__HOW TO COMPLETE THIS TASK__: Return the full set of entries below exactly, leaving every image out.

[Dataset records]
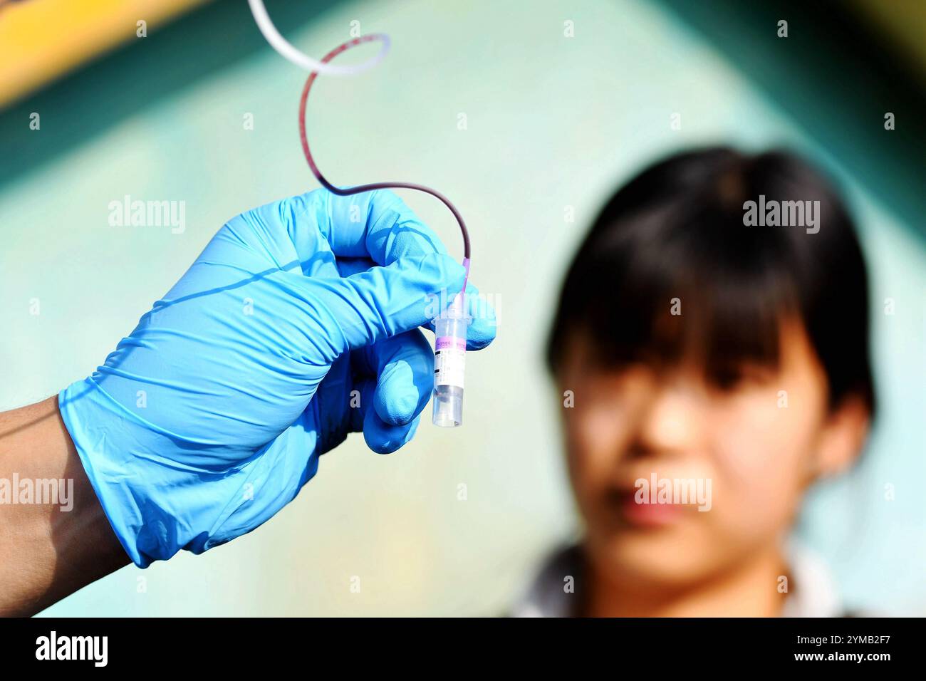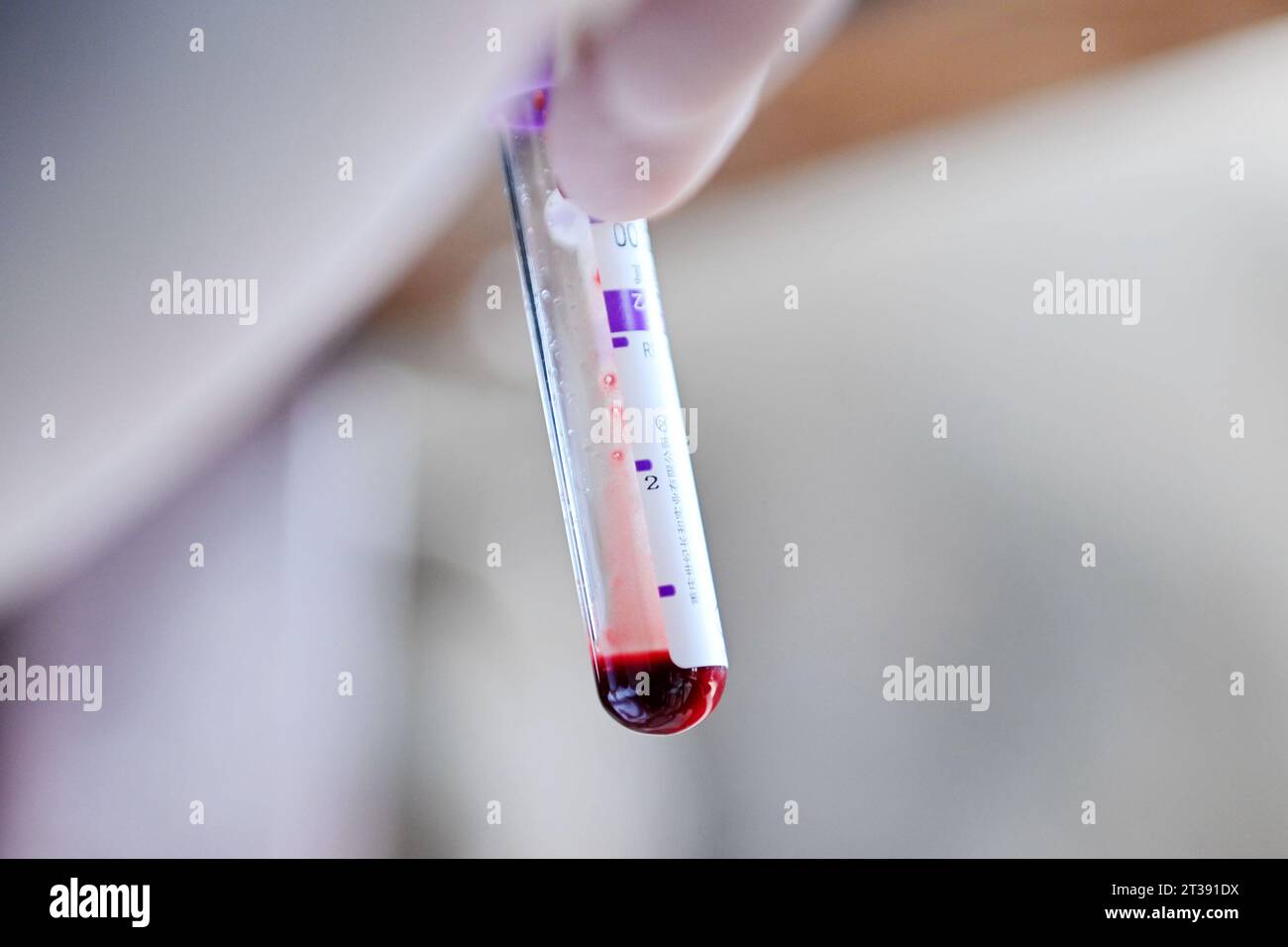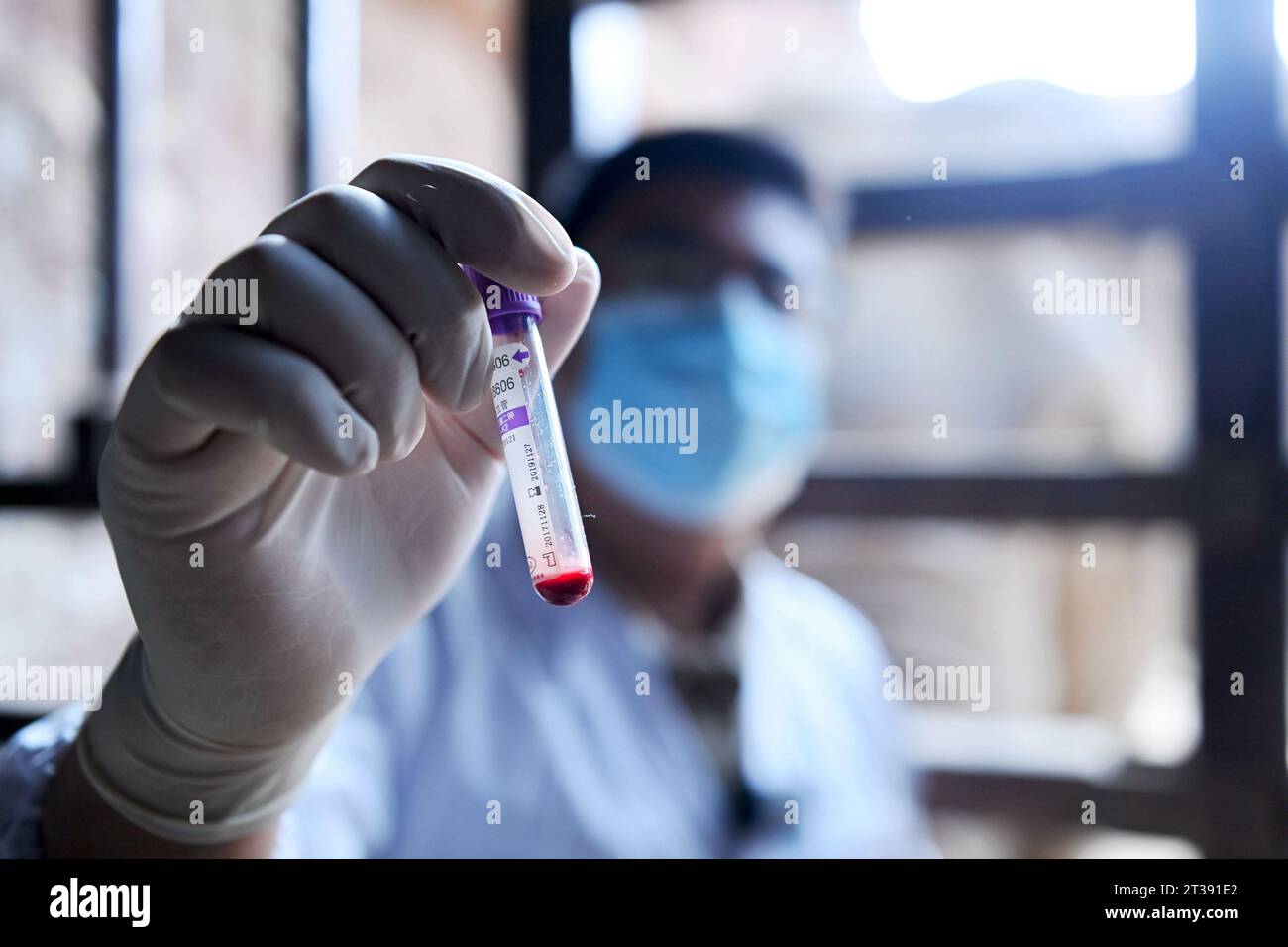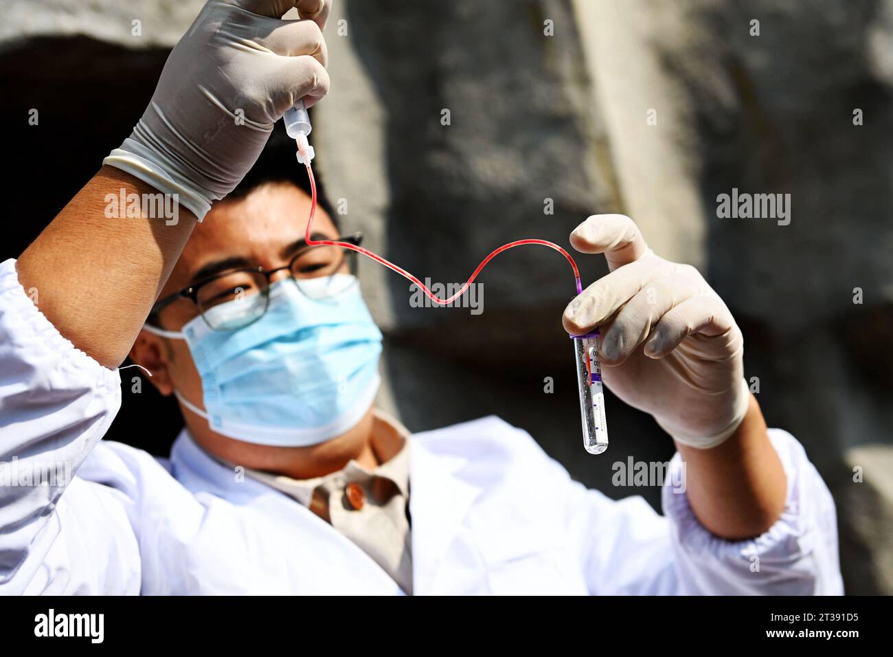 RM2T391E2–QINGDAO, CHINA - 24. OKTOBER 2023 - Ein Tierarzt zeigt Proben von Blut asiatischer Elefanten in der Forest Wildlife World in Qingdao, dem ostchinesischen Shandon
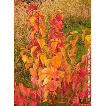 Le VIBURNUM plicatum GRANDIFLORUM® (Viorne du Japon) est sans doute l'une des plus belles viornes. Cette variété se distingue par sa floraison en gros corymbes blancs légèrement rosés, rappelant celle du V. opulus, mais sur une plante encore plus élégante. Son port est touffu, arrondi et luxuriant, avec une floraison plus précoce, plus abondante et plus blanche, évoquant certains hortensias boules. À l'automne, son feuillage caduc prend des teintes chaudes et somptueuses dès septembre, ajoutant à sa beauté. Pour s'épanouir, cette viorne majestueuse nécessite un sol frais, bien drainé, et de préférence non calcaire.
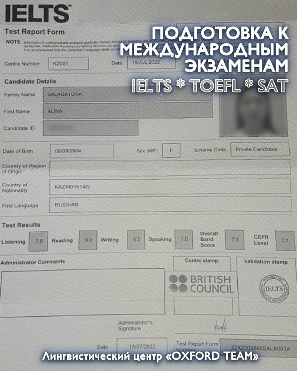 Очередные результаты наших студентов Если и вам нужна профессиональная помощь в подготовке к IELTS или другим международным экзаменам @oxfordteamkz обращайтесь к нам! Стоимость подготовки к IELTS, TOEFL, SAT: Индивидуальное обучение для всех возрастных категорий — 3 000 тг./час Обучение в группах для всех возрастных категорий — 14 000 тг./мес. (занятия 2 раза в неделю по 90 минут, либо 3 раза в неделю по 60 минут) Есть вопросы? Пишите нам в Direct или в нашем профиле @oxfordteamkz нажимайте кнопку «Контакты» «Позвонить »
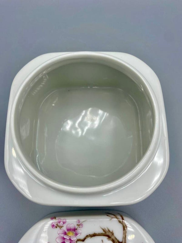Beeldschoon porselein doosje met Sakura en vogelprint. Het heeft een merkje en is in perfecte staat. Voor opbergen van je mooiste sieraden of gewoon ter deco.
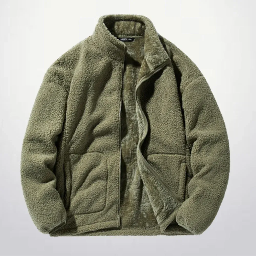 Men's versatile stand collar plush solid color coat
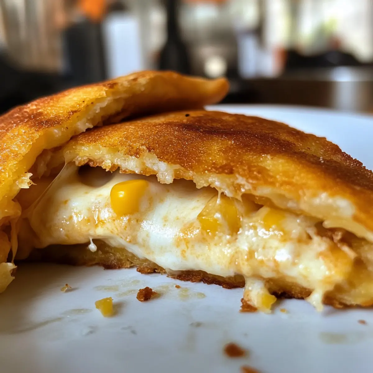 - Add the Cheese: Place a slice of buffalo mozzarella in the center of each cachapa, fold in half, and let melt for 1-2 minutes.
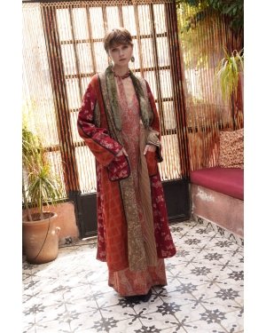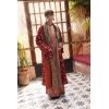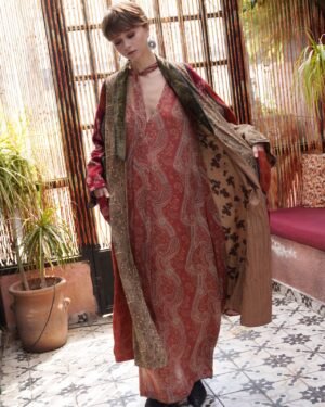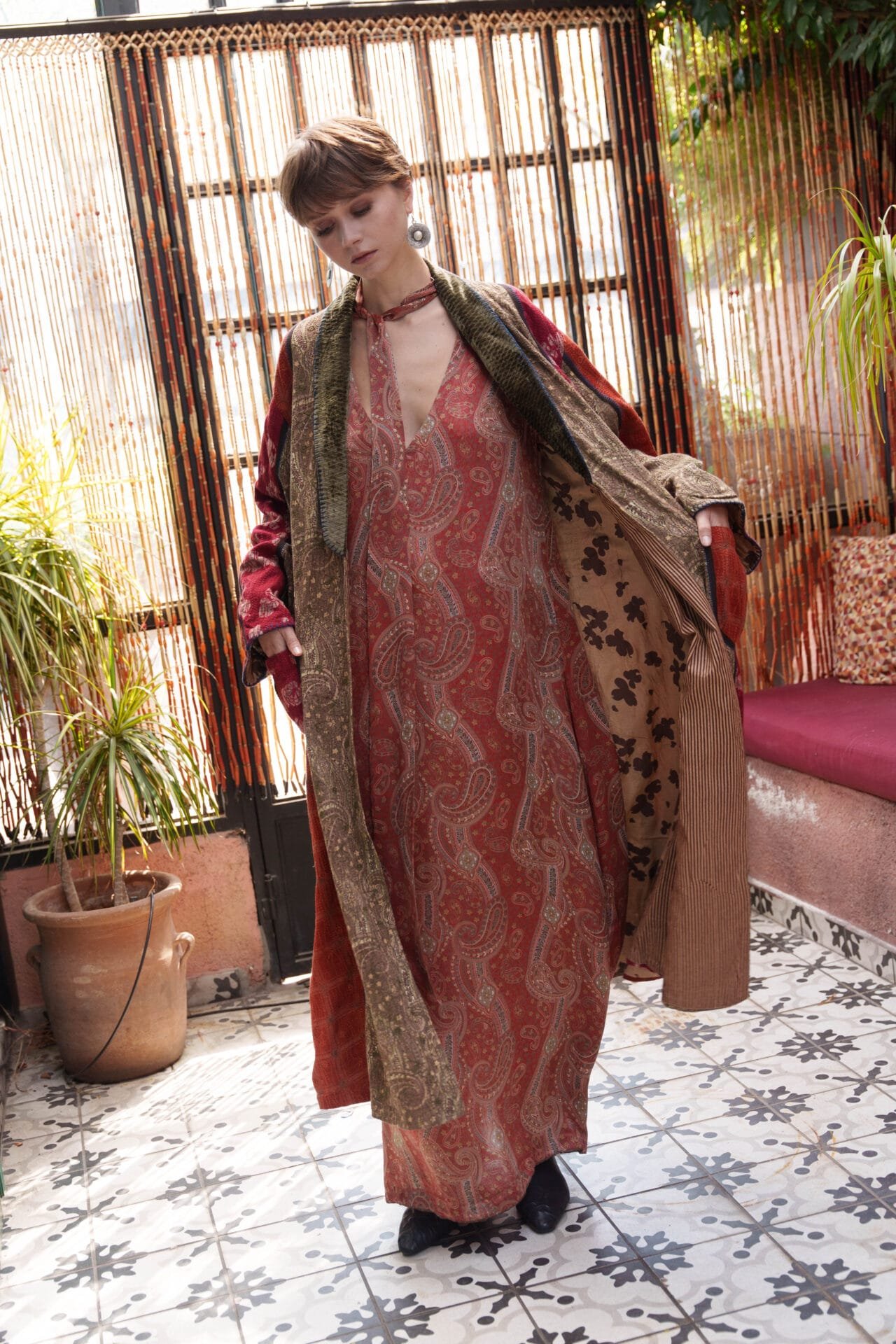 Olive paisley, maroon floral, rust checks printe and all over butterfly embroidered viscose textured color block jacket with velvet quilted collar and blanket stitch detail
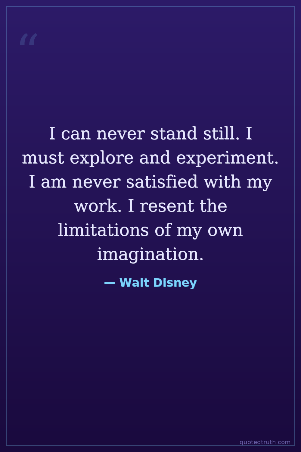 I can never stand still. I must explore and experiment. I am never satisfied with my work. I resent the limitations of my own imagination.
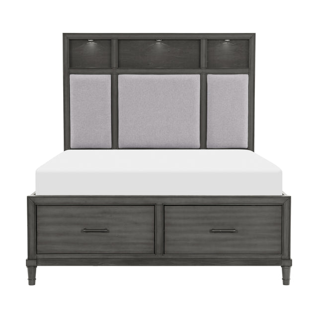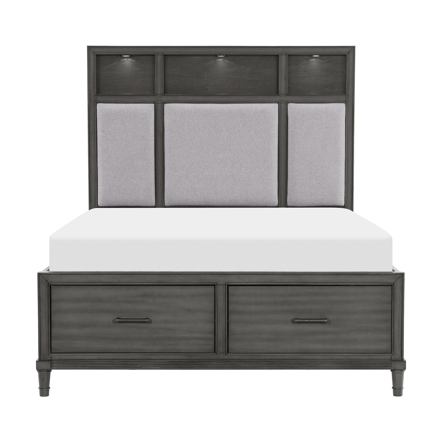 Modern convenience is paired with transitional style to create the versatile look of the Wittenberry Collection. The multi-functional design of the queen bed allows for convenient storage within the footboard drawers, charging capability by way of the mounted USB ports, as well as display and illumination within the touch-engaged LED-lit open fronted bookshelves of the headboard. The bed’s headboard also features pebble gray hued fabric inserts creating complementing contrast to the collections gray finish over okume veneer. Dark bronze finished knob and bar hardware front the drawers of the footboard.
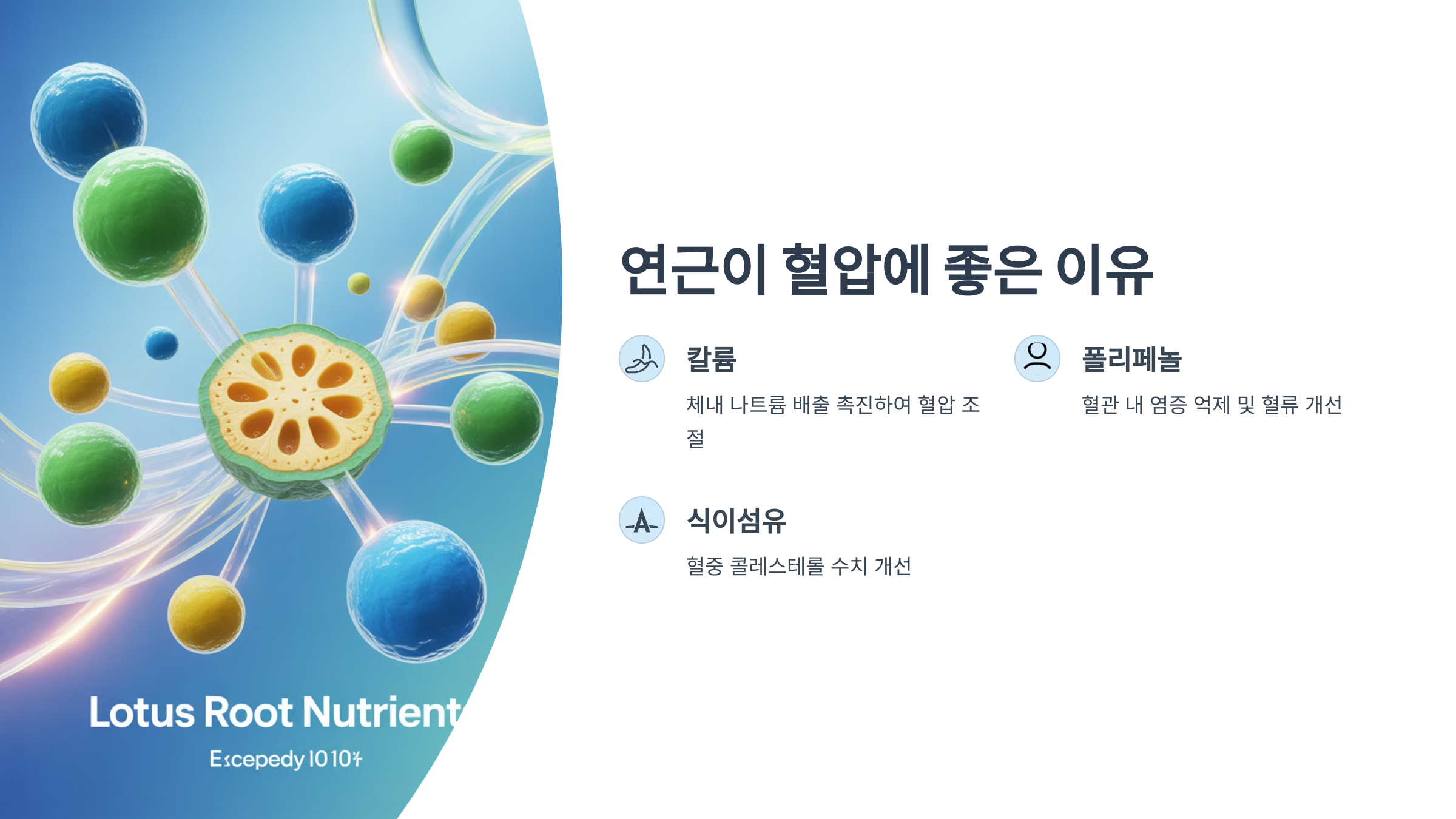 연근은 고혈압 예방에 효과적인 칼륨과 항산화 성분이 풍부해, 자연 혈압 조절 식품으로 탁월합니다.

__EXERCISE RESULT__:
 RM2T391E2–QINGDAO, CHINA - 24. OKTOBER 2023 - Ein Tierarzt zeigt Proben von Blut asiatischer Elefanten in der Forest Wildlife World in Qingdao, dem ostchinesischen Shandon
 Le VIBURNUM plicatum GRANDIFLORUM® (Viorne du Japon) est sans doute l'une des plus belles viornes. Cette variété se distingue par sa floraison en gros corymbes blancs légèrement rosés, rappelant celle du V. opulus, mais sur une plante encore plus élégante. Son port est touffu, arrondi et luxuriant, avec une floraison plus précoce, plus abondante et plus blanche, évoquant certains hortensias boules. À l'automne, son feuillage caduc prend des teintes chaudes et somptueuses dès septembre, ajoutant à sa beauté. Pour s'épanouir, cette viorne majestueuse nécessite un sol frais, bien drainé, et de préférence non calcaire.
 Очередные результаты наших студентов Если и вам нужна профессиональная помощь в подготовке к IELTS или другим международным экзаменам @oxfordteamkz обращайтесь к нам! Стоимость подготовки к IELTS, TOEFL, SAT: Индивидуальное обучение для всех возрастных категорий — 3 000 тг./час Обучение в группах для всех возрастных категорий — 14 000 тг./мес. (занятия 2 раза в неделю по 90 минут, либо 3 раза в неделю по 60 минут) Есть вопросы? Пишите нам в Direct или в нашем профиле @oxfordteamkz нажимайте кнопку «Контакты» «Позвонить »
Beeldschoon porselein doosje met Sakura en vogelprint. Het heeft een merkje en is in perfecte staat. Voor opbergen van je mooiste sieraden of gewoon ter deco.
 Men's versatile stand collar plush solid color coat
 - Add the Cheese: Place a slice of buffalo mozzarella in the center of each cachapa, fold in half, and let melt for 1-2 minutes.
 Olive paisley, maroon floral, rust checks printe and all over butterfly embroidered viscose textured color block jacket with velvet quilted collar and blanket stitch detail
 I can never stand still. I must explore and experiment. I am never satisfied with my work. I resent the limitations of my own imagination.
 Modern convenience is paired with transitional style to create the versatile look of the Wittenberry Collection. The multi-functional design of the queen bed allows for convenient storage within the footboard drawers, charging capability by way of the mounted USB ports, as well as display and illumination within the touch-engaged LED-lit open fronted bookshelves of the headboard. The bed’s headboard also features pebble gray hued fabric inserts creating complementing contrast to the collections gray finish over okume veneer. Dark bronze finished knob and bar hardware front the drawers of the footboard.
 연근은 고혈압 예방에 효과적인 칼륨과 항산화 성분이 풍부해, 자연 혈압 조절 식품으로 탁월합니다.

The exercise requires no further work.